(Records from a dataset)

# # # # #

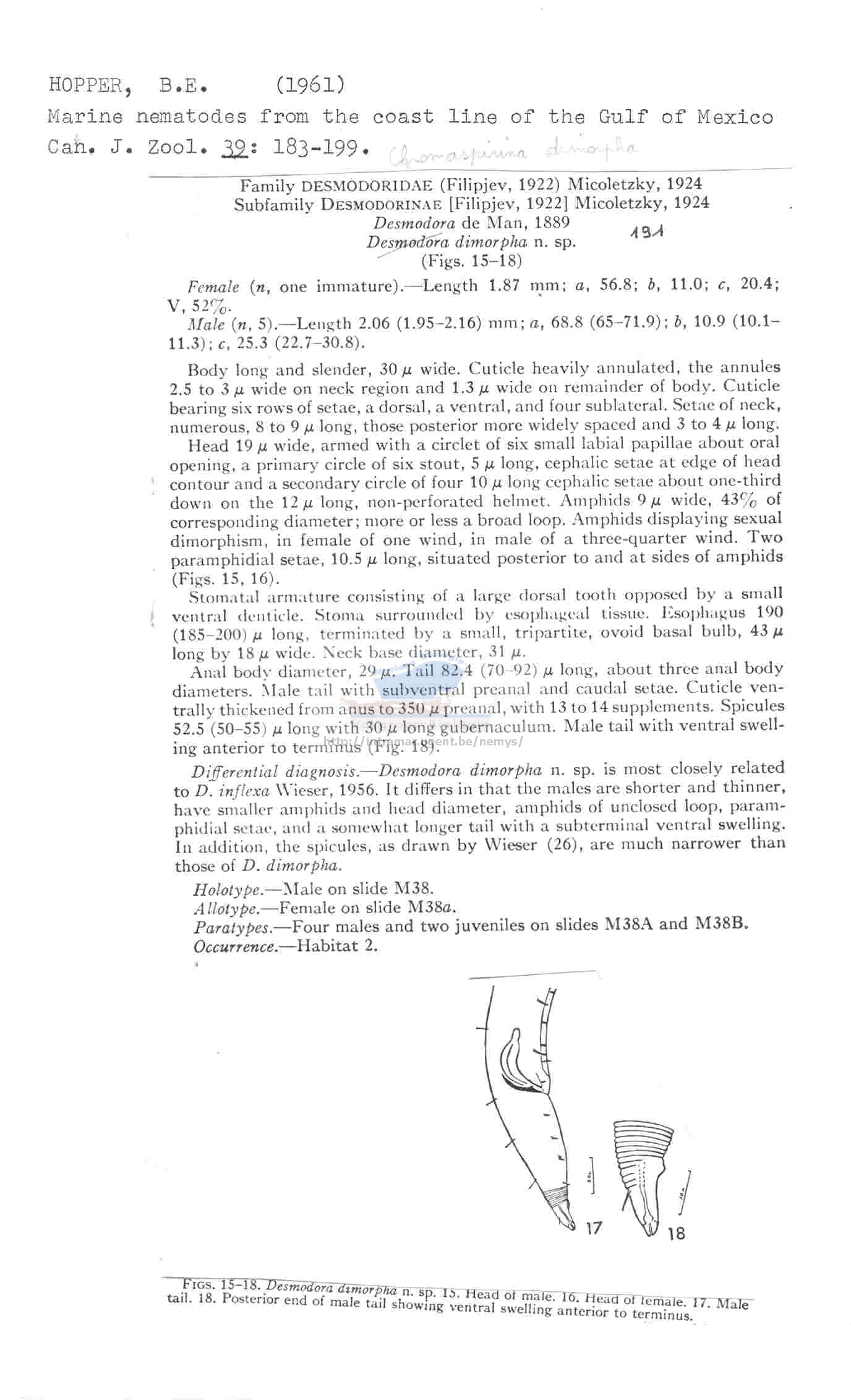 Nematode file-library of the Marine Biology Section (Ghent University, Belgium)
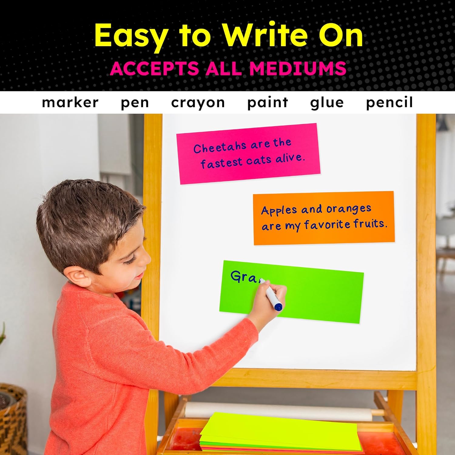 Hygloss Small Poster Board 4x11 - 100 Assorted Neon Color Poster Boards Bulk Pack - 10 Pt. Thickness Colored Poster Board Paper for Projects, Flash Cards, Signs - Posterboard Multipack 4" x 11"
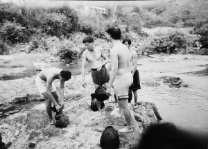 有一天,我在通什(今五指山市)的一條河邊,看見有幾個黎族人抱著大葫蘆過河。我趕緊拿出相機,在河邊的大石頭間跳來跳去追拍。沒想到一不留神就跳空了,重重地摔在石頭上,造成了骨裂,當(dāng)時就不能動彈了,在醫(yī)院里躺了好長一段時間。
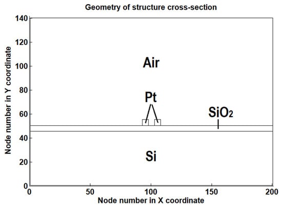 Nodes are numbered from the left to the right side, along the x-axis. After reaching the last point in a single row, the next part of the structure, being the nearest row from the top of the current row, was taken into consideration and numbered in the same way. Thus, node no. 1 was placed in the left bottom corner of the structure, while the node with the highest possible number, equal to nx∙ny, was located in the top right corner. The graphical representation of used discretization mesh for analyzed cross-section of the test structure, as well as the way mesh nodes were numbered, is demonstrated in Figure 2. It is also worth highlighted that the distance between nodes in both dimensions was set to 10 nm.
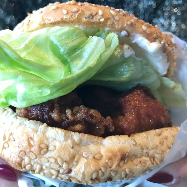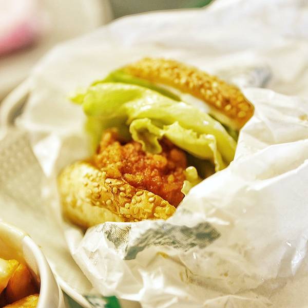 招牌是炸鸡汉堡。中式~我大天朝的炸鸡改良款。里面是大块的炸鸡块,肉质鲜嫩有汁水。汉堡胚被水蒸气浸的有一点点软掉了,整体来说口感还可以。
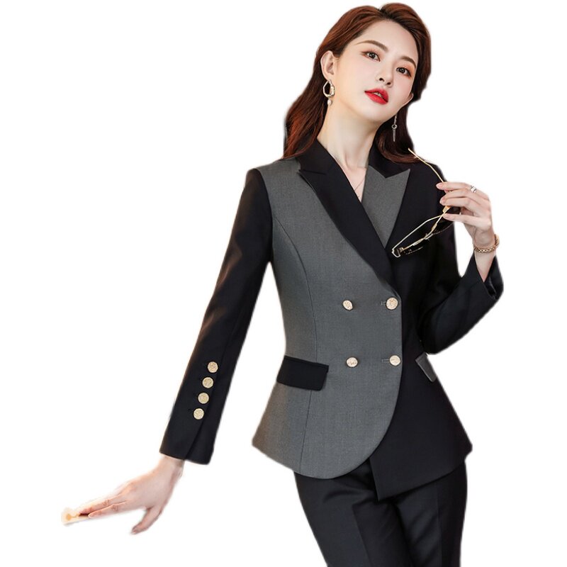 2021 autumn and winter high-end contrast color professional suit suit female suit teacher formal dress teacher work clothes two-piece set

# # # # #

▶ **TASK DETAILS**
Could you write out exactly the lines running from the one with "有一天,我在通什(今五指山市" through the last line of the data above, both ends kept, and omit any picture?

▶ **ANSWER SPACE**
 有一天,我在通什(今五指山市)的一條河邊,看見有幾個黎族人抱著大葫蘆過河。我趕緊拿出相機,在河邊的大石頭間跳來跳去追拍。沒想到一不留神就跳空了,重重地摔在石頭上,造成了骨裂,當(dāng)時就不能動彈了,在醫(yī)院里躺了好長一段時間。
 Nodes are numbered from the left to the right side, along the x-axis. After reaching the last point in a single row, the next part of the structure, being the nearest row from the top of the current row, was taken into consideration and numbered in the same way. Thus, node no. 1 was placed in the left bottom corner of the structure, while the node with the highest possible number, equal to nx∙ny, was located in the top right corner. The graphical representation of used discretization mesh for analyzed cross-section of the test structure, as well as the way mesh nodes were numbered, is demonstrated in Figure 2. It is also worth highlighted that the distance between nodes in both dimensions was set to 10 nm.
 招牌是炸鸡汉堡。中式~我大天朝的炸鸡改良款。里面是大块的炸鸡块,肉质鲜嫩有汁水。汉堡胚被水蒸气浸的有一点点软掉了,整体来说口感还可以。
 2021 autumn and winter high-end contrast color professional suit suit female suit teacher formal dress teacher work clothes two-piece set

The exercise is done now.